Hello,

We noticed you're browsing in private or incognito mode.

To continue reading this article, please exit incognito mode or log in.

Not an Insider? Subscribe now for unlimited access to online articles.

David Zax

A View from David Zax

Can We Make Machines Listen More Carefully?

A new project aims to create far smarter voice recognition software.

  • July 19, 2011

You probably use voice recognition technology already, if in a limited capacity. Maybe you use Google’s voice-activated search, or take advantage of its (somewhat wonky) voice-mail transcriptions in Google Voice. At the office, maybe you use Dragon dictation software. Even if these programs worked perfectly, though (which they don’t) they would still leave something to be desired. Voice recognition software today works in very specialized circumstances—it can typically recognize only one voice at a time, and it performs best when it has reams of data in the archive before tackling a new speech sample.

What if we had voice recognition technology that didn’t have so many strictures? What if we had software that was quick and nimble, able to discern one speaker from another on the fly? In other words, what if voice recognition technology was more like the way voice recognition actually works in the real world, in the human brain?

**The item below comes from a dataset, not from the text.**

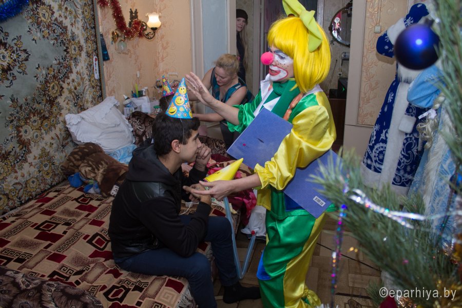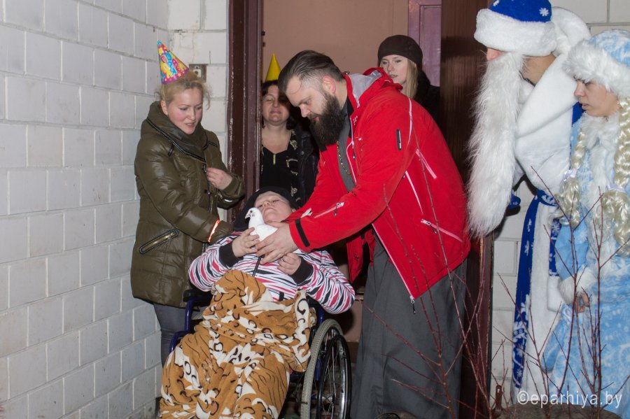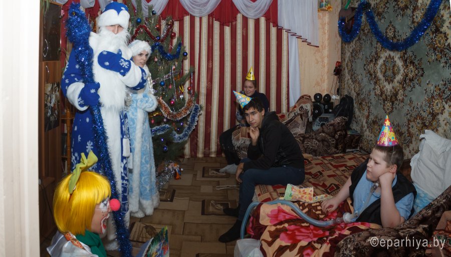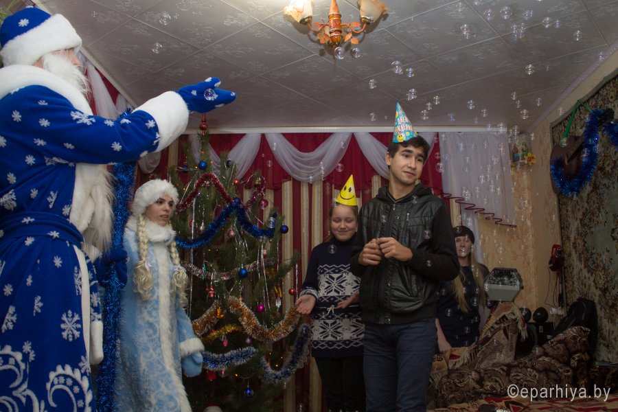 Дружная, веселая команда из шести человек, которые являются постоянными и активными участниками молодежной группы "ИХФИС" при кафедральном соборе Петра и Павла г. Гомеля 24 декабря 2017г., выехала в д. Красная Буда (Добрушский район, Гомельская область) с целью, поздравить Пузикова Даниила с Днем Рождения и наступающим Новым годом. Для Даниила и его друзей было представлено маленькое праздничное представление с конкурсами, загадками, танцами, песнями и подарками. Даниил впервые в жизни смог подержать в руках голубя, ощутить его тепло, послушать сердцебиение и конечно же выпустить его обратно на волю. Завершением праздничного представления стал фейерверк и шумные хлопушки. У Даниила поставлен диагноз Миопатия Дюшенна - это не излечимая болезнь. |
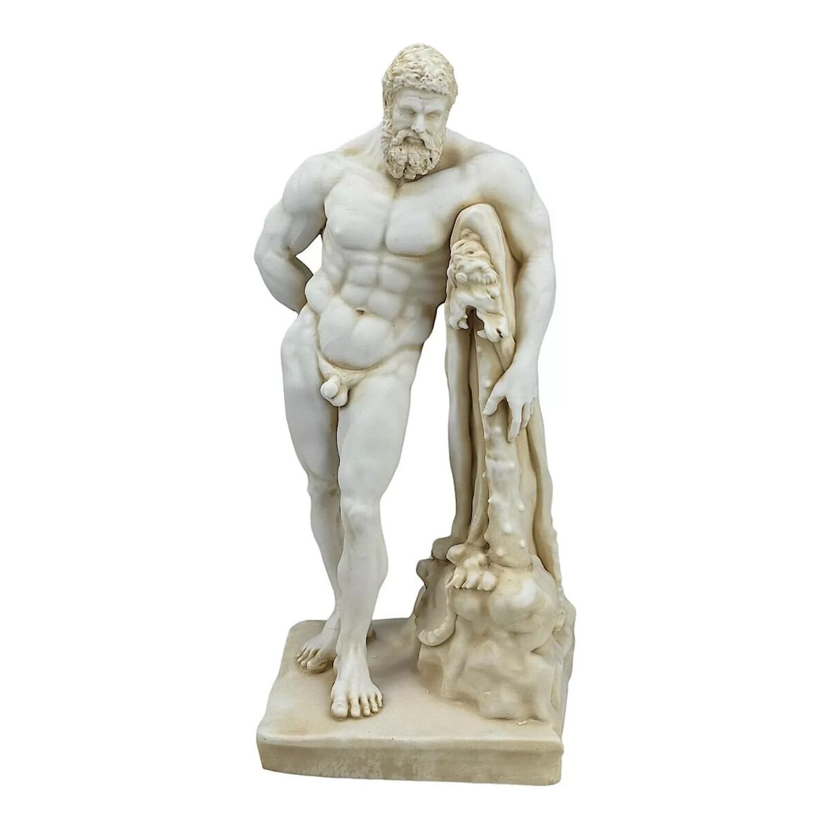 Nuestra estatua se basa en la famosa escultura, conocida como «El Hercules Farnese», que se exhibe en el Museo Archeologico Nazionale de Napoles.

A coalition of three British Universities—the Universities of Cambridge, Sheffield, and Edinburgh—is working to bring us what they call “natural speech technology.” Google and Dragon are (relatively) good at what they do, Thomas Hain of Sheffield recently told The Engineer. “But where it’s about natural speech—people having a normal conversation—these applications still have very poor performance.”

With nearly $10 million of funding from Britain’s Engineering and Physical Sciences Research Council, the team has set itself four main technical objectives.

First, they want to make speech software that’s smart–that can learn and adapt on the fly. They intend to build models and algorithms that can “adapt to new scenarios and speaking styles, and seamlessly adapt to new situations and contexts almost instantaneously,” the team members write.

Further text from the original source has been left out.